Entry assembly (arch/riscv64/entry.S, GNU as syntax):
1. OpenSBI jumps to _start in S-mode
- a0 = hart_id (hardware thread ID, usually 0 on single-core)
- a1 = DTB address (QEMU/U-Boot convention; validated at runtime — see note above)
2. _start:
a. Disable interrupts: csrci sstatus, 0x2
(clears SIE bit in supervisor status register)
b. Load stack pointer: la sp, _stack_top
(64 KB stack in .bss._stack, 16-byte aligned)
c. Initialize sscratch for trap entry:
csrw sscratch, 0
(sscratch = 0 means "currently in kernel mode". OpenSBI sets mscratch
for M-mode but does NOT initialize sscratch — S-mode must do this.
The trap entry prologue uses `csrrw tp, sscratch, tp`: if sscratch
was 0, we came from kernel mode (re-entrant trap); if nonzero, we
came from user mode and sscratch now holds user tp.)

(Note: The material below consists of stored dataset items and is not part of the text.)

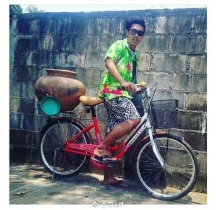 有泰国网友发图吐槽泰国皮卡车新规,泼水节不让皮卡车后方坐人,那我只能骑自行车进行泼水活动了。。。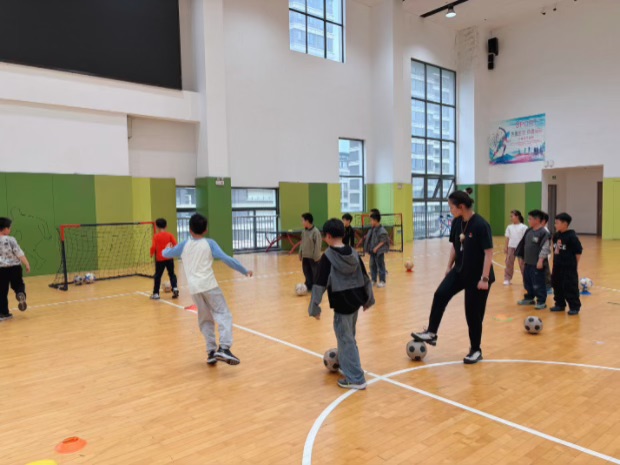 为深化体育课堂教学改革,落实“健康第一”教育理念,提升体育教师专业教学能力,4月9日,龙虎塘第二实验小学体育组开展足球公开课教研活动。本次公开课由王金宇老师执教三年级《小足球正脚背运球与射门游戏》,体育组全体教师参与听课、评课,教研活动扎实高效、氛围浓厚。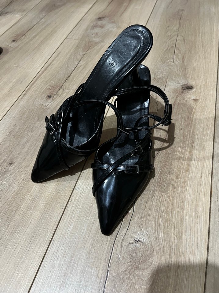 Siyah deri yılan desenli, tokalı stiletto topuklu ayakkabı, gotik ve şık tarz için ideal, romantik akşamlar için uygun.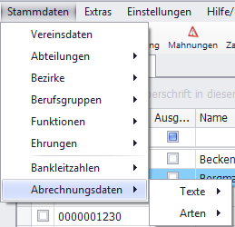 In diesem Menü können sowohl Abrechnungstexte (erklärende Textzeilen für die Abrechnung) als auch Abrechnungsarten (vorgegebene Abrechnungszeilen) hinterlegt werden.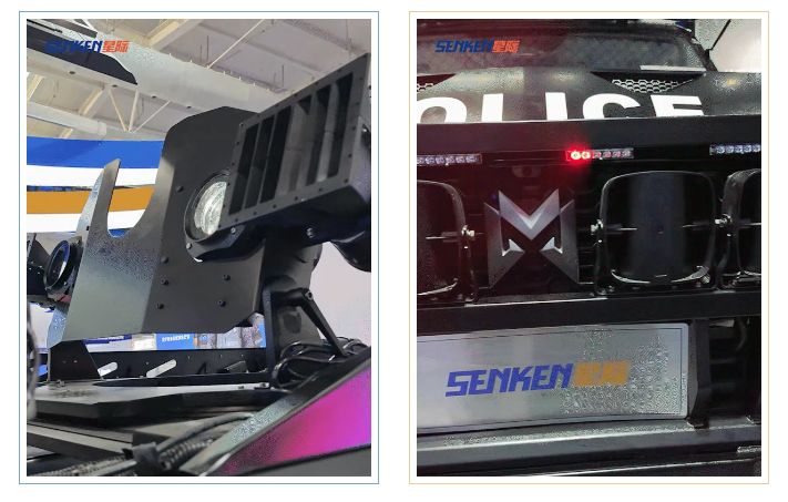 The rotating platform on the roof is equipped with a high-power acoustic wave disperser and a laser dazzler, which can rotate 360° horizontally and move vertically over a large range. Combined with multiple high-frequency sirens at the front of the vehicle, it achieves a combination of strong light flashing and directional sound waves to instantly control the scene and deter crime!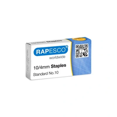 CONTENTS - Pack of 1000 type 10/4mm rust-resistant galvanised staples, designed for use in compact staplers KEY ELEMENTS - Premium quality, rust-resistant, heavy-duty staples with chisel points that provide easy penetration and a strong hold COMPATIBILITY - Compatible with the Rapesco Pocket, Bug and No.10 Mini staplers and others, which take type 10/4mm staples (please always check compatibility with your tool before purchasing) EQUIVALENT TO - Rexel No.10, Rapid No. 10, Leitz type 10 and Novus No. 10 staples USES - Popular for light-duty stapling tasks, commonly used in compact staplers and are ideal for binding small stacks of paper

d. Clear BSS: zero memory from __bss_start to __bss_end
(sd zero loop, 8 bytes per iteration)
e. Arguments already in correct registers:
a0 = hart_id (passed as multiboot_magic parameter)

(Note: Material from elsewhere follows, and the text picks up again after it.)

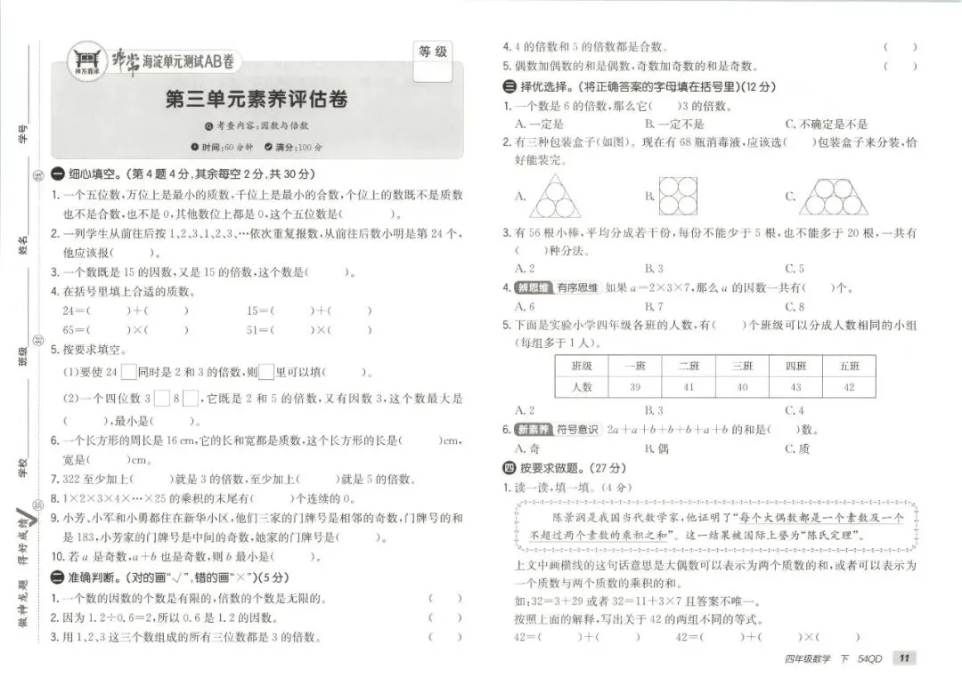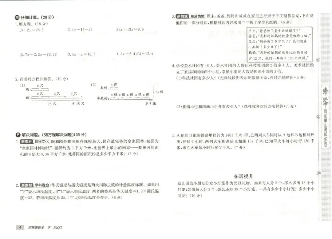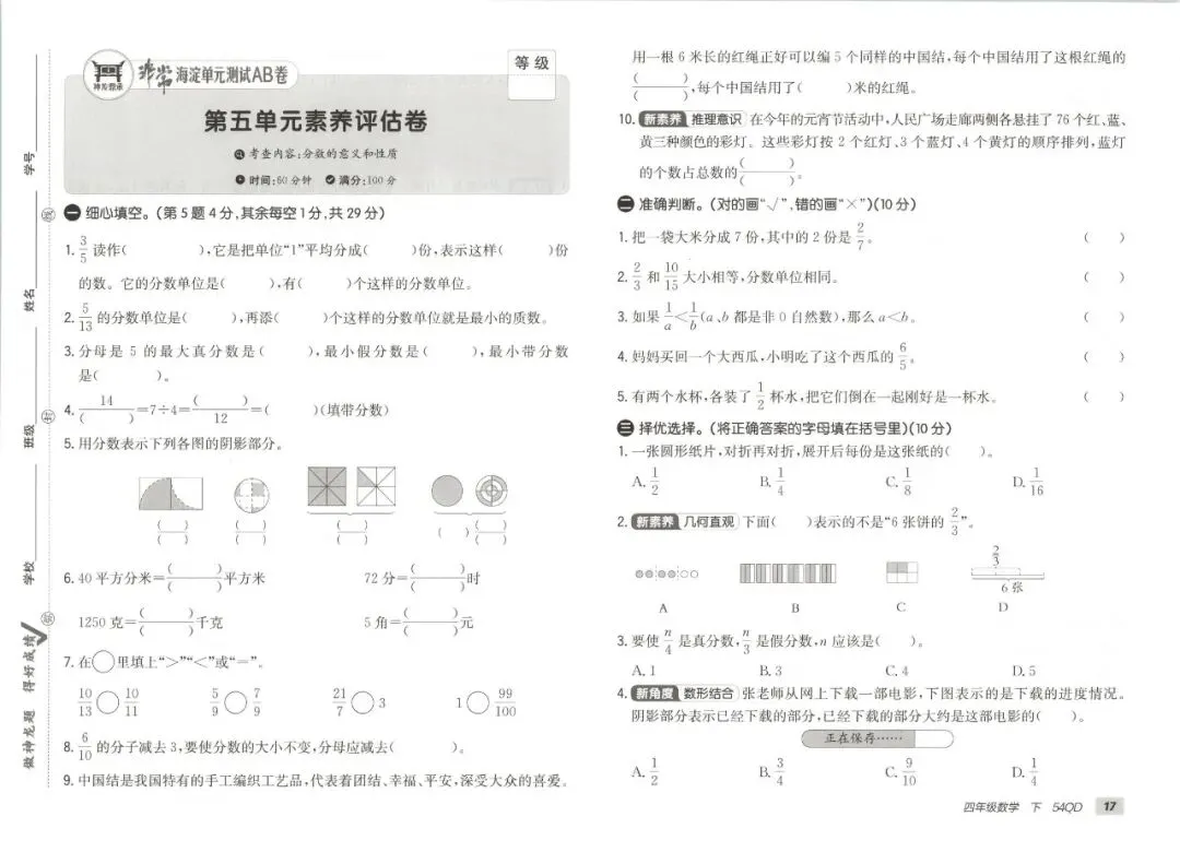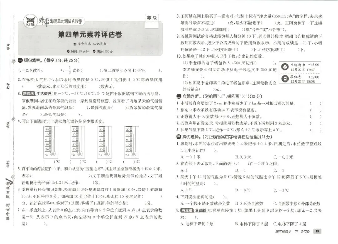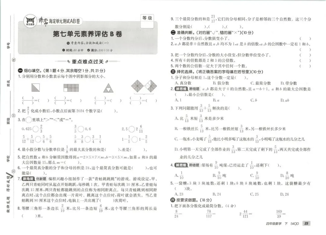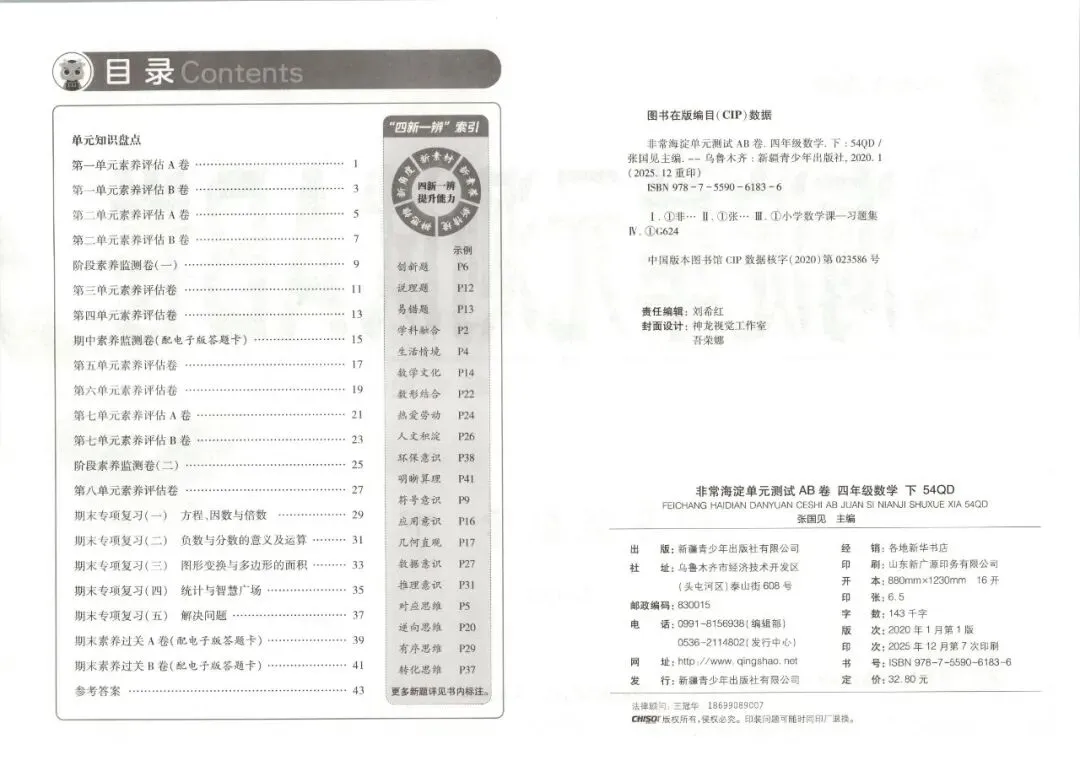 26年春新版四年级数学青岛54版《单元知识盘点+素养评估卷+期末专项复习+素养过关卷》,可打印下载(含答案)
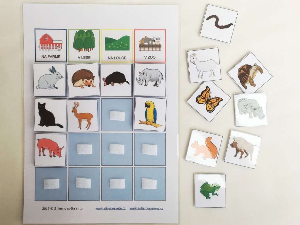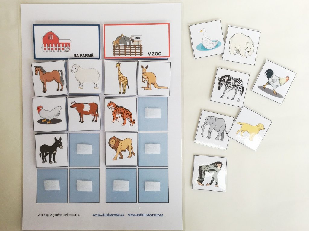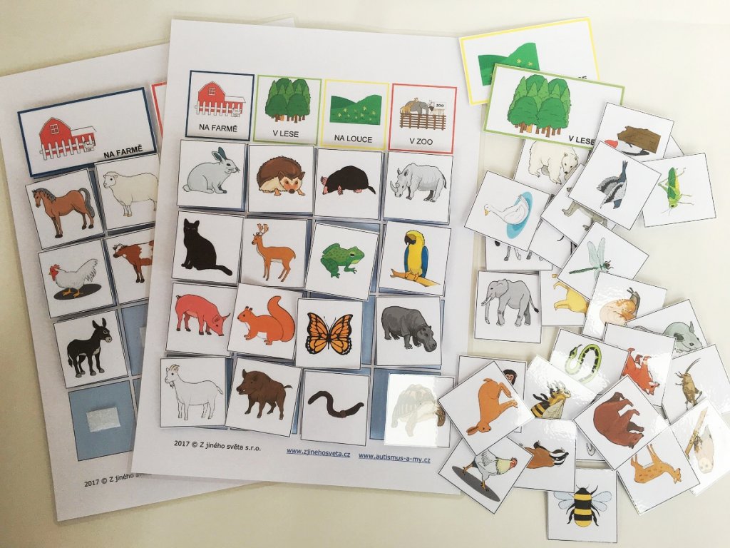 - Třídění obrázků do 4 skupin (louka, les, farma, ZOO)

a1 = DTB address (passed as multiboot_info parameter)
f. Call: call umka_main (jal with ra)
g. Halt loop: wfi (wait-for-interrupt) if umka_main returns
Stack (64 KB) is in .bss._stack (16-byte aligned). The linker script
(linker-riscv64.ld) places .text._start first at 0x80200000, after the
OpenSBI firmware region (0x80000000–0x801FFFFF).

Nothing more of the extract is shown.